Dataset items

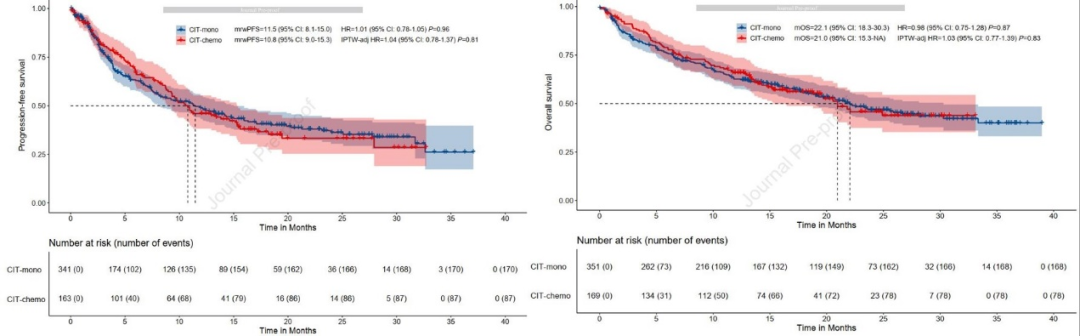 研究结果:该研究共纳入520例非鳞、非小细胞肺癌患者,单药治疗组和联合治疗组分别入组351例和169例患者。患者年龄在单药治疗组年龄更大,女性占比两组分别为52%和44%。基线时,两组分别有26%和30%的患者存在脑转移,分别12%和17%的患者存在肝脏转移。从诊断到治疗开始的中位时间分别为1.1个月和0.92个月。数据分析时,两组分别有28%和30%的患者仍然接受治疗, 44%和47%的患者疾病进展后接受后续治疗。
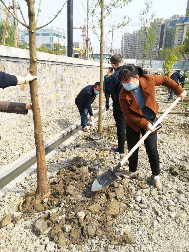 我公司參與本次活動的員工配合默契,齊心協力完成挖坑、施底肥、下苗、填土、壓實土層、苗木澆水等工序,將我公司認建的6株水杉苗一一種下。
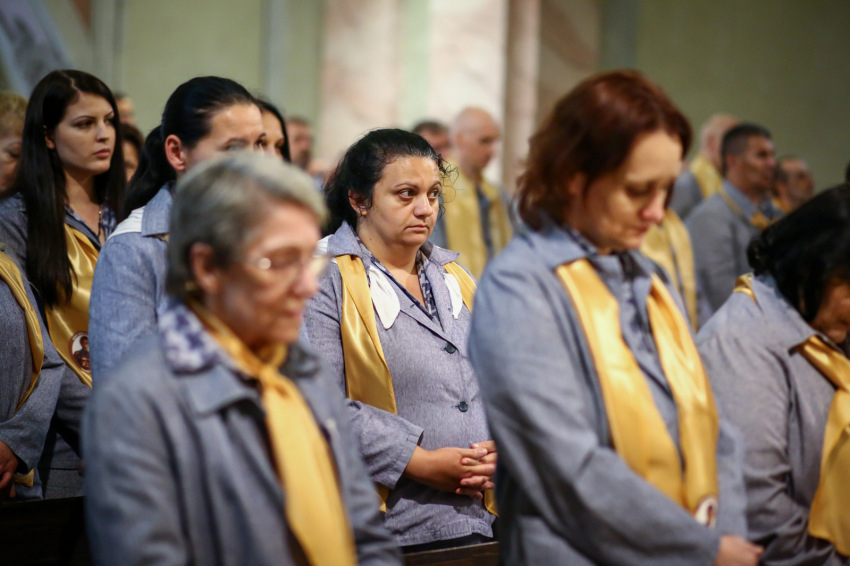 A bizonytalan időjárás miatt a szabadtérre tervezett lelki program a templom falai közé szorult, de az előadások végére egészen derűs idő volt már, így a börtönbe való visszatérés előtt a rabok még egy kicsit élvezhették viszonylagos szabadságukat: felfedezték a kegyhely különböző tereit, vizet vehettek a szentkútból.
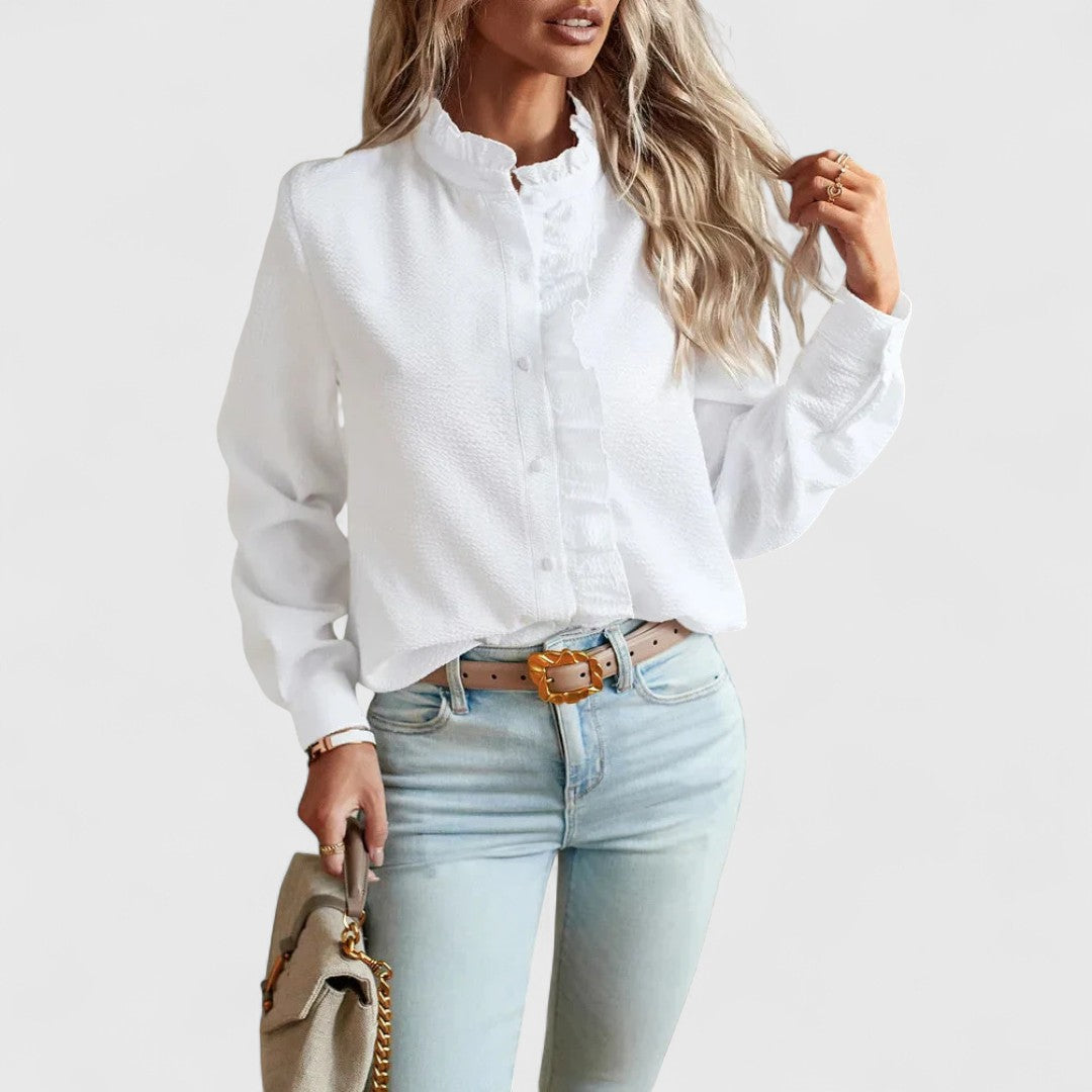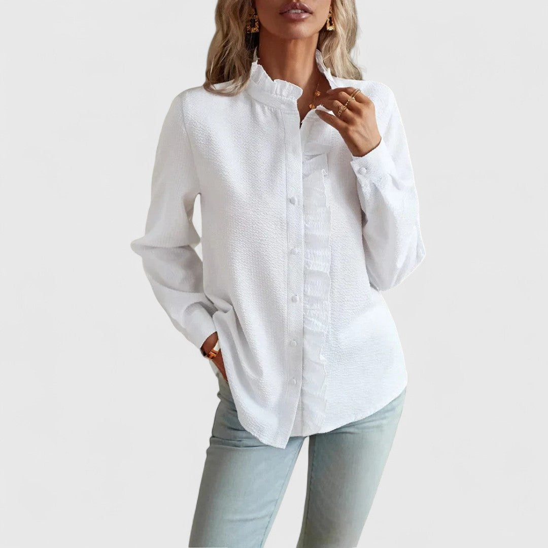 • Διακριτικό βολάν στα κουμπιά για ρομαντικό, διαχρονικό ύφος.
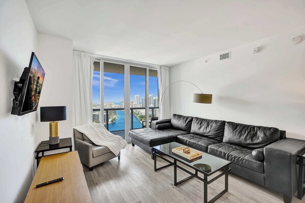 Find your perfect getaway at Beachwalk Resort Hallandale Beach, where sleek modern design meets the radiant charm of South Florida’s coastline. Located along the peaceful Intracoastal Waterway, our striking 33-story tower offers a tranquil escape just moments from Hallandale Beach’s stunning shores. Our spacious 1-bedroom apartment is thoughtfully designed for comfort and style, making it the ideal base for your unforgettable vacation experience.
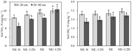 Compared with the NE−N treatment, soil NO3−-N in the 0–20 cm and 20–40 cm layers significantly increased with increasing N fertilization rates (Figure 1). Soil NH4+-N in the 0–20 cm layer did not significantly change across all treatments, whereas NE and NE+1/2N increased NH4+-N of the 20–40 cm soil layer by 21.4 and 25.9%, respectively, compared with NE−N.
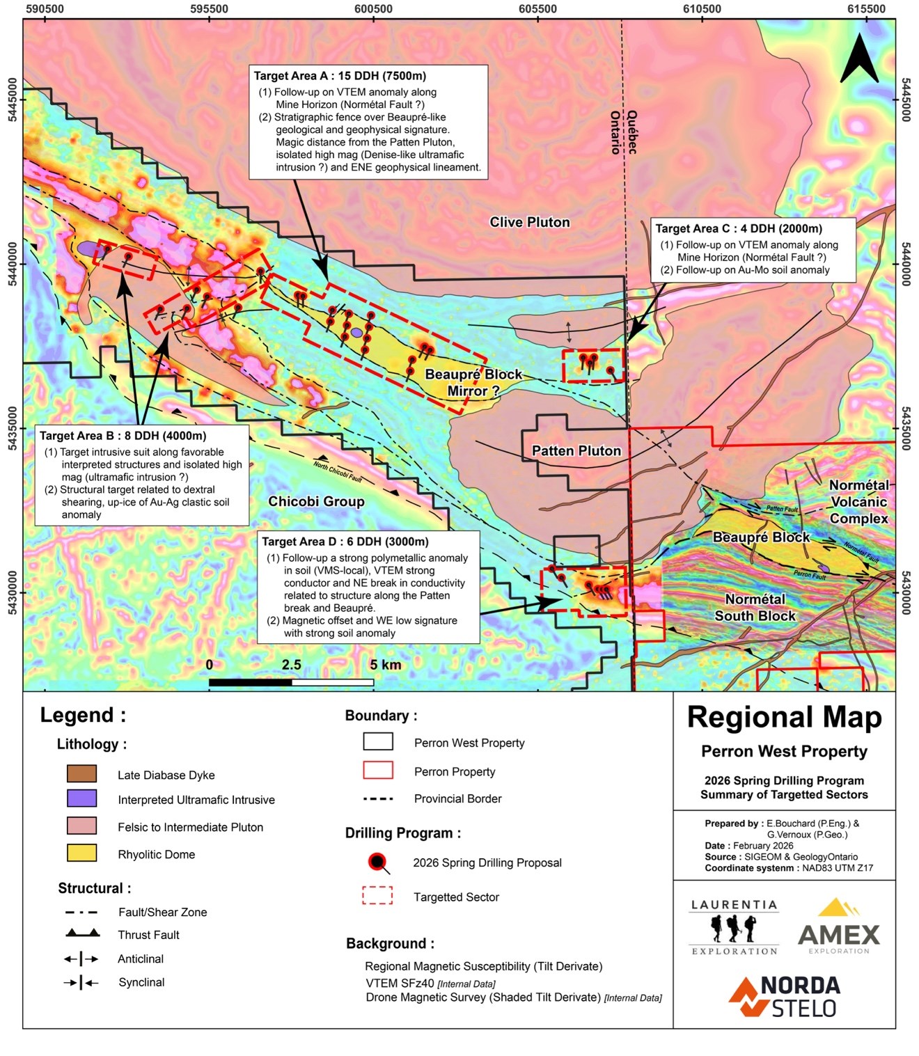 Figure 2: Details of Amex's initial 15,000 m drill program for Perron West in Ontario. Planned drill holes and certain geological units overlay an electromagnetic survey in Ontario and drone magnetics survey in Quebec. The potential Beaupré Block mirror image is highlighted in yellow.
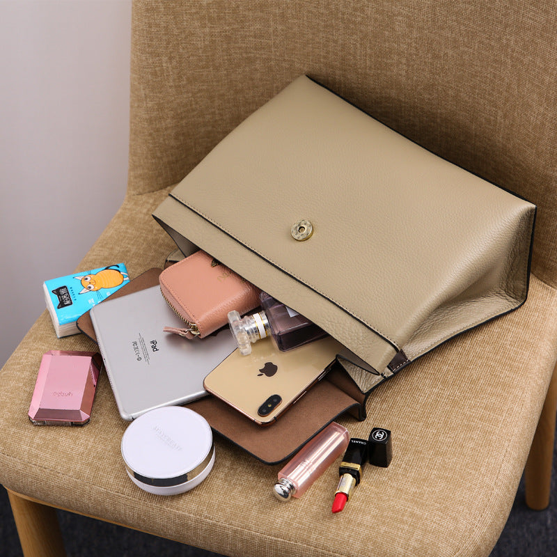 Bolso bandolera de piel auténtica de gran capacidad, estilo tote.
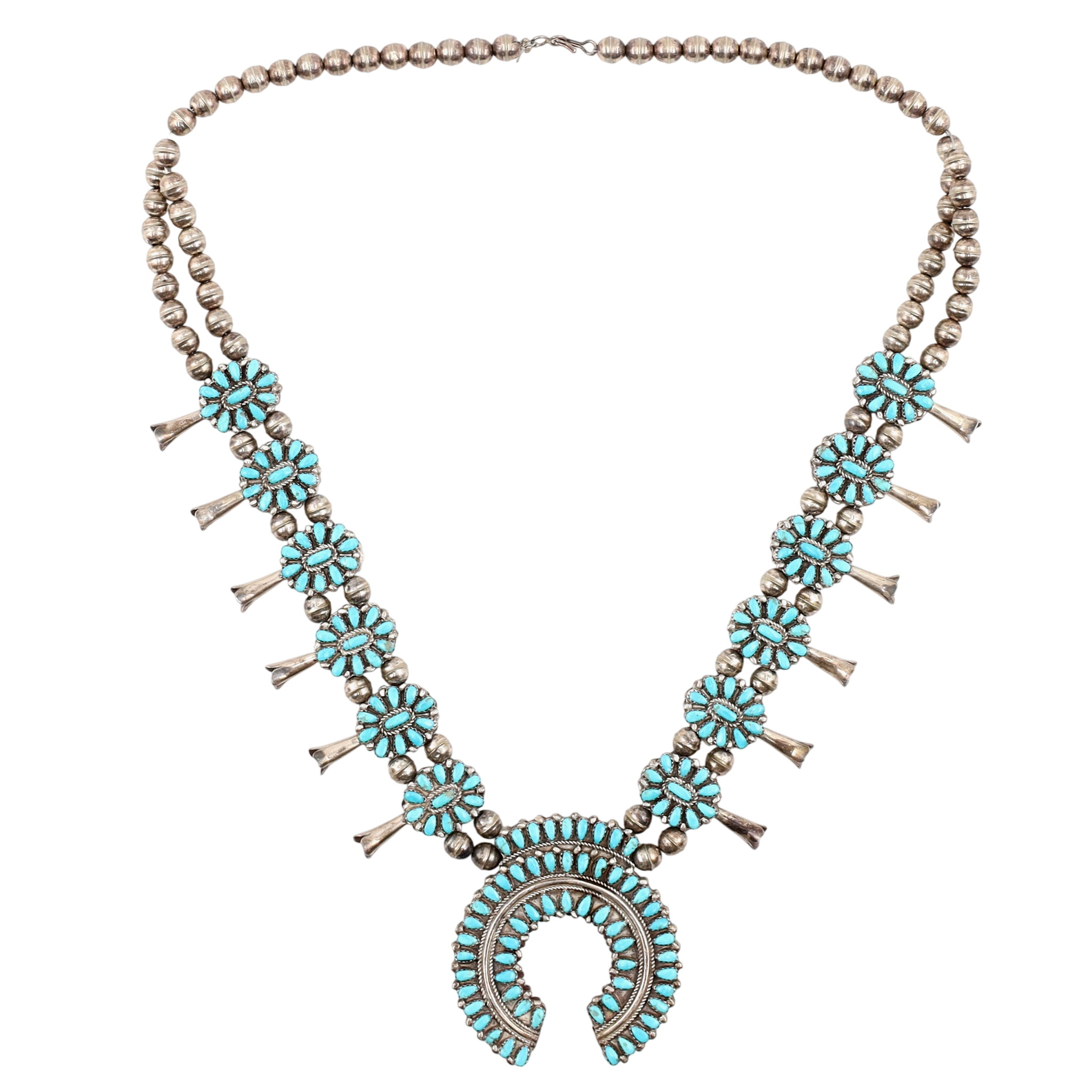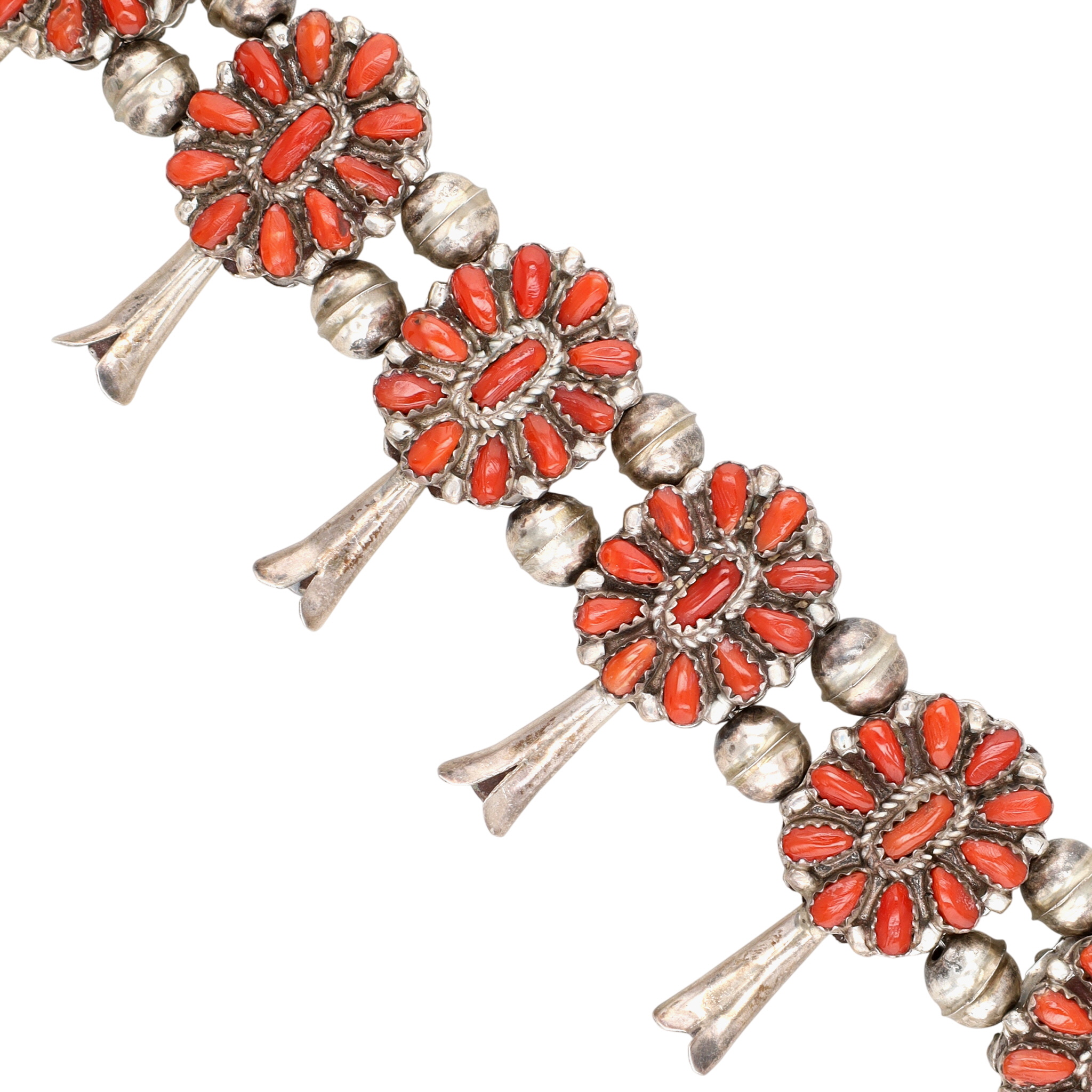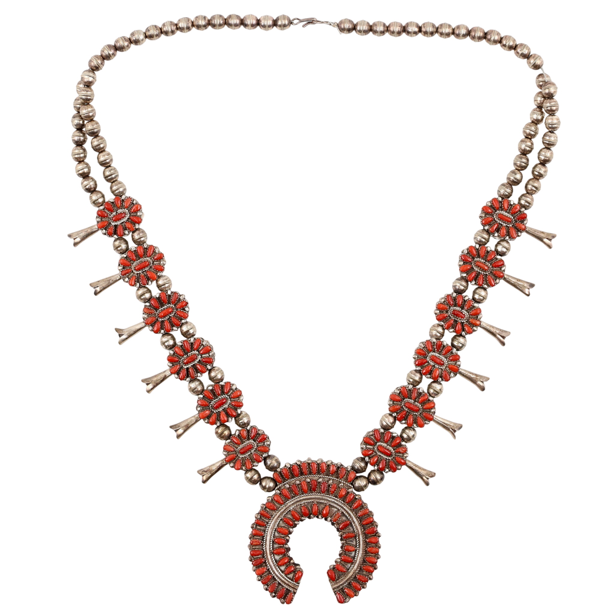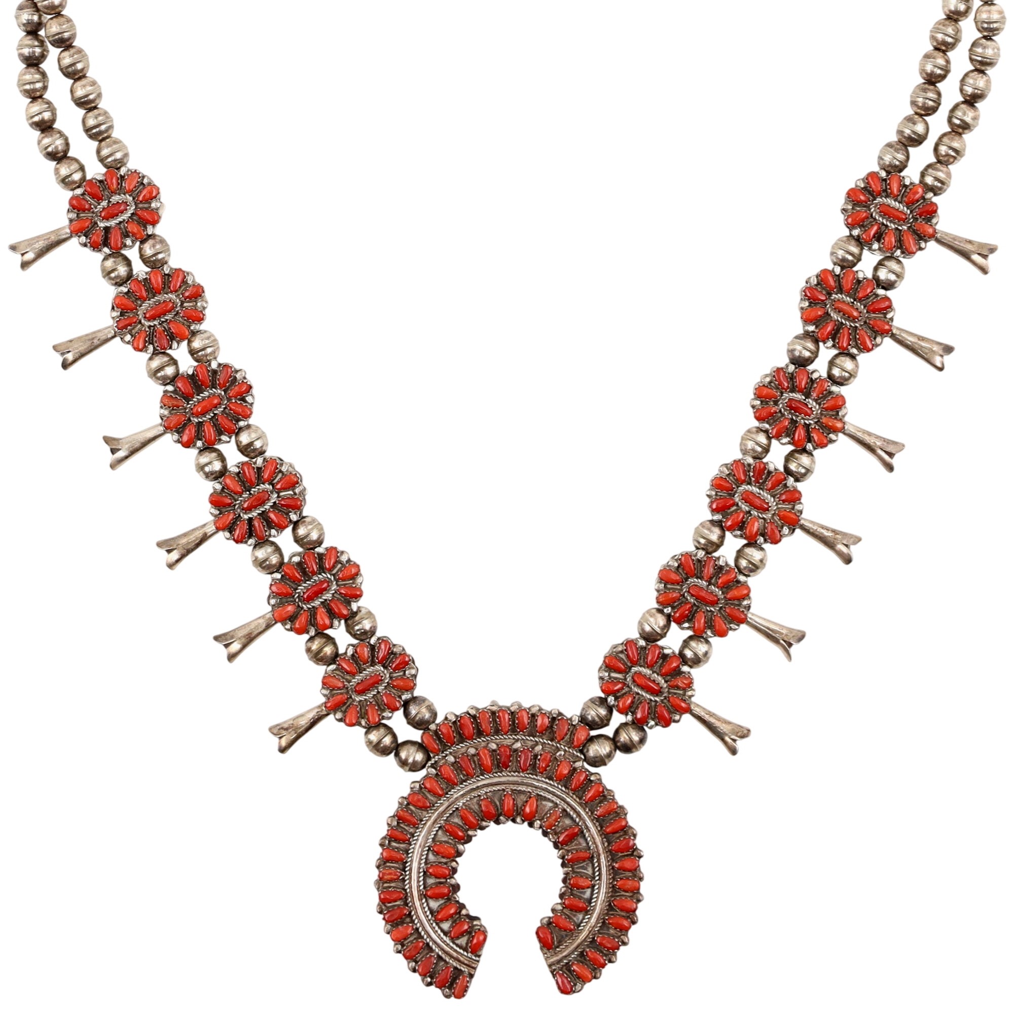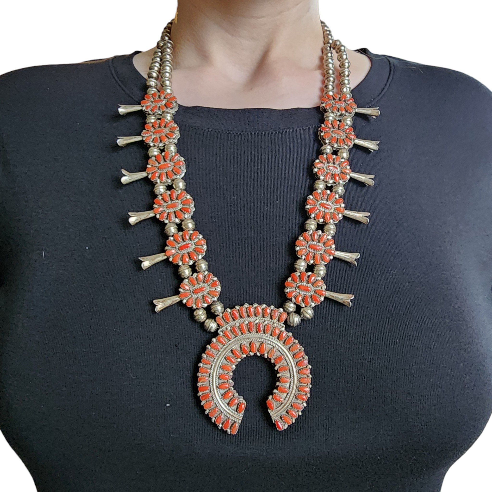 Signed RAF Vintage Navajo Sterling Reversible Turquoise and Coral Squash Blossom Necklace – 143g – approx. 26″ from end to end

**Work instruction:** The reply should reproduce every entry above word for word and contain no pictures.

**Answer below:**
 研究结果:该研究共纳入520例非鳞、非小细胞肺癌患者,单药治疗组和联合治疗组分别入组351例和169例患者。患者年龄在单药治疗组年龄更大,女性占比两组分别为52%和44%。基线时,两组分别有26%和30%的患者存在脑转移,分别12%和17%的患者存在肝脏转移。从诊断到治疗开始的中位时间分别为1.1个月和0.92个月。数据分析时,两组分别有28%和30%的患者仍然接受治疗, 44%和47%的患者疾病进展后接受后续治疗。
 我公司參與本次活動的員工配合默契,齊心協力完成挖坑、施底肥、下苗、填土、壓實土層、苗木澆水等工序,將我公司認建的6株水杉苗一一種下。
 A bizonytalan időjárás miatt a szabadtérre tervezett lelki program a templom falai közé szorult, de az előadások végére egészen derűs idő volt már, így a börtönbe való visszatérés előtt a rabok még egy kicsit élvezhették viszonylagos szabadságukat: felfedezték a kegyhely különböző tereit, vizet vehettek a szentkútból.
 • Διακριτικό βολάν στα κουμπιά για ρομαντικό, διαχρονικό ύφος.
 Find your perfect getaway at Beachwalk Resort Hallandale Beach, where sleek modern design meets the radiant charm of South Florida’s coastline. Located along the peaceful Intracoastal Waterway, our striking 33-story tower offers a tranquil escape just moments from Hallandale Beach’s stunning shores. Our spacious 1-bedroom apartment is thoughtfully designed for comfort and style, making it the ideal base for your unforgettable vacation experience.
 Compared with the NE−N treatment, soil NO3−-N in the 0–20 cm and 20–40 cm layers significantly increased with increasing N fertilization rates (Figure 1). Soil NH4+-N in the 0–20 cm layer did not significantly change across all treatments, whereas NE and NE+1/2N increased NH4+-N of the 20–40 cm soil layer by 21.4 and 25.9%, respectively, compared with NE−N.
 Figure 2: Details of Amex's initial 15,000 m drill program for Perron West in Ontario. Planned drill holes and certain geological units overlay an electromagnetic survey in Ontario and drone magnetics survey in Quebec. The potential Beaupré Block mirror image is highlighted in yellow.
 Bolso bandolera de piel auténtica de gran capacidad, estilo tote.
 Signed RAF Vintage Navajo Sterling Reversible Turquoise and Coral Squash Blossom Necklace – 143g – approx. 26″ from end to end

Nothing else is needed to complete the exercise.